Gleevec, the targeted cancer pill, delivers more good news to patients

December 09, 2007

PORTLAND, Ore. - Gleevec, the targeted cancer pill that has saved more than 100,000 lives, now is saving more children with a dire leukemia, as well as preventing disease progression with long term use in adults with chronic myeloid leukemia.

"Data at this weekend's meeting continues to show how much Gleevec has completely changed the outlook for so many, many patients facing cancer," said Brian Druker, M.D., director of the OHSU Cancer Institute.

At the plenary session of the annual meeting of the American Society of Hematology researchers delivered news that Gleevec has been shown to improve outcomes for children with Philadelphia chromosome-positive acute lymphoblastic leukemia (Ph+ ALL).
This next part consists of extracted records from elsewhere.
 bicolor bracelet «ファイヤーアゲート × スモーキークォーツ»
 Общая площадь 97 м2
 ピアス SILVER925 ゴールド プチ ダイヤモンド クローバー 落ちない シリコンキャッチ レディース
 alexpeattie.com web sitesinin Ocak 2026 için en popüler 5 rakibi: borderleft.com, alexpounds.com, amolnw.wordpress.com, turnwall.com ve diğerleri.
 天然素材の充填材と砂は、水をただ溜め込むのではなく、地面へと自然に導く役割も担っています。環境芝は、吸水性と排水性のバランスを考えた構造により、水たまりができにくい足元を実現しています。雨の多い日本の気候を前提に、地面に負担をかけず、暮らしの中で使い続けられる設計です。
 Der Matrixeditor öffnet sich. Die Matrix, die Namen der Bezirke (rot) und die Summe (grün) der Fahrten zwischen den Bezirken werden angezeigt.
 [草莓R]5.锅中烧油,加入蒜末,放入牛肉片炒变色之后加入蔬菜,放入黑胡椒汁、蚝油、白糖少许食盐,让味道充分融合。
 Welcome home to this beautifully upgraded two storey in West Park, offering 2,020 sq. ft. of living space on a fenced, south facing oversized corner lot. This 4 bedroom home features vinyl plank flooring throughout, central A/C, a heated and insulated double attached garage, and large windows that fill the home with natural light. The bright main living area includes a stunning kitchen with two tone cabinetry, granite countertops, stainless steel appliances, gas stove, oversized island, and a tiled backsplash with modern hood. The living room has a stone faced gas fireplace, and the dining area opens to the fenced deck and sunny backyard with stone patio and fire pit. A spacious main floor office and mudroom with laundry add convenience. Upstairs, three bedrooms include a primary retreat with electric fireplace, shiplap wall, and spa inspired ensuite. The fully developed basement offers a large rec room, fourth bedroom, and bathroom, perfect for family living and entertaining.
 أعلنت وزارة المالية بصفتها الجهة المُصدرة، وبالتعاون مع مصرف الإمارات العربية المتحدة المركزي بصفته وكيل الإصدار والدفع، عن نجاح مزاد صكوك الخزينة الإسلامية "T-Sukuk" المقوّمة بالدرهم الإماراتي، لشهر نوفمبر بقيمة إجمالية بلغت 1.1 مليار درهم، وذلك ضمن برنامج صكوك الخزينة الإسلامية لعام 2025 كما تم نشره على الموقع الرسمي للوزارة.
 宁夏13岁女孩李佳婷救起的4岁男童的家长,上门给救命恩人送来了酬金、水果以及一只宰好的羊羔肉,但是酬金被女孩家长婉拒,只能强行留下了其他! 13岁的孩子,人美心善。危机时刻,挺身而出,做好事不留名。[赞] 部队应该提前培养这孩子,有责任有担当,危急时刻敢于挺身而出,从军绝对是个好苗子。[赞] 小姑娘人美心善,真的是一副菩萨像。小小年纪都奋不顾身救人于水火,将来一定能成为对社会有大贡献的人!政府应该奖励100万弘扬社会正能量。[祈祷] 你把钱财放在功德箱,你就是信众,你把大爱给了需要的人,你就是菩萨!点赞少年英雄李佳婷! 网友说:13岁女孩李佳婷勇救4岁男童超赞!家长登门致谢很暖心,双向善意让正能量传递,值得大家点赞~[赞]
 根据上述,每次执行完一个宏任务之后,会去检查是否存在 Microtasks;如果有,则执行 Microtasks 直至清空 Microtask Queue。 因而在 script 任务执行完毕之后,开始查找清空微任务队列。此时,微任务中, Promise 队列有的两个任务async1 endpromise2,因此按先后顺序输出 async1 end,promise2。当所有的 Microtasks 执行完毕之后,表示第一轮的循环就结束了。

Ph+ ALL is the childhood leukemia with the worst prognosis and the Children's Oncology Group study shows that adding Gleevec to the treatment almost completely reverses this poor prognosis. The Children's Oncology Group is a worldwide clinical trial cooperative supported by the National Cancer Institute, a branch of the National Institutes of Health.

Also released at the conference is new data from the largest clinical trial in Philadelphia chromosome-positive (Ph+) chronic myeloid leukemia (CML) that showed Gleevec, with long-term use, can prevent progression to advanced stages of the disease.

Six-year results of the International Randomized Interferon versus STI571 (IRIS) study for which Druker served as principal investigator, demonstrated that continuous treatment with Gleevec produced a declining rate of relapse over time. The downward trend in the risk of disease progression while on Gleevec has continued since year two of the study. Remarkably, between years five and six, no patients progressed to an advanced phase of the disease.

"The news about Gleevec and the childhood leukemia study as well as the six-year IRIS study that shows there is no progression to advanced phase in CML means that more and more patients are surviving, despite being diagnosed with these cancers," said Druker, JELD-WEN Chair of Leukemia Research, Howard Hughes Medical Institute Investigator and member of the National Academy of Sciences. He also is a professor of medicine (hematology and medical oncology), cell and developmental biology, and biochemistry and molecular biology in the OHSU School of Medicine.

Gleevec has also been approved for the treatment of gastrointestinal stromal tumors, pediatric CML, as well as five additional rare cancers.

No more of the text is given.